Here is a small code example that illustrates the question:

module LeakyTypeModule

   implicit none
   private

   type, public :: LeakyType
      real, pointer :: dontLeakMe(:) => null()
   contains
      procedure :: New
      final     :: Finalizer
   end type

contains

   subroutine New(self, n)
      class(LeakyType), intent(out) :: self
      integer         , intent(in)  :: n
      allocate(self%dontLeakMe(n))
      self%dontLeakMe = 42.0
   end subroutine

   subroutine Finalizer(self)
      type(LeakyType), intent(inout) :: self
      if (associated(self%dontLeakMe)) deallocate(self%dontLeakMe)
   end subroutine

end module


program leak

   use LeakyTypeModule
   implicit none

   type(LeakyType), allocatable :: arr(:)

   allocate(arr(1))
   call arr(1)%New(1000)
   deallocate(arr)

end program

Note that this program leaks the dontLeakMe array allocated in the New() method of LeakyType.

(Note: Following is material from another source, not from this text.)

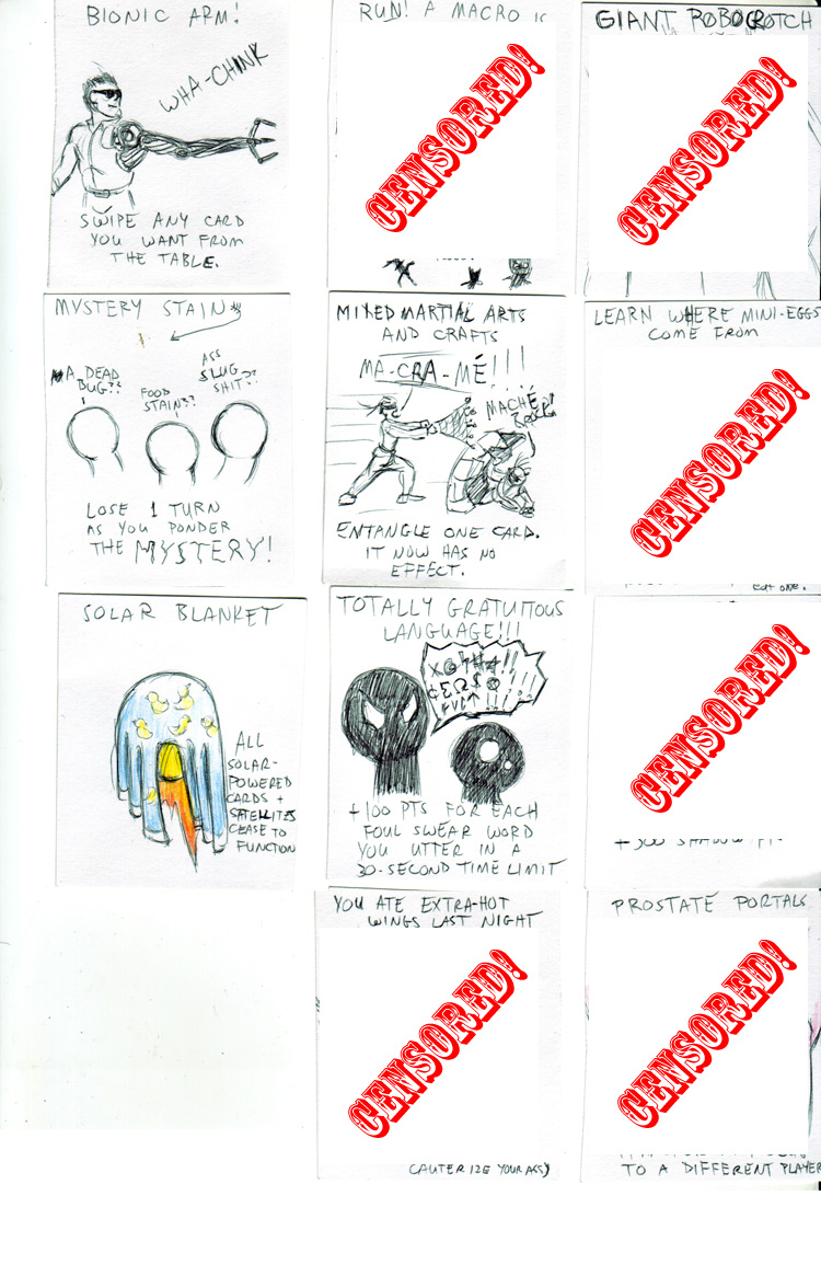 The latest wave of completely tasteless crap to flow forth from my pen via the conduit of 1000 Blank White Cards.

At first this was a bit surprising for me but, then I discovered that the problem can be fixed by declaring the finalizer elemental. Both gfortran and ifort behave in the same way, so I assume this behaviour is following the Fortran 2003 standard.

Can anyone confirm this? To be honest I have a hard time time understanding what the standard says on this particular point.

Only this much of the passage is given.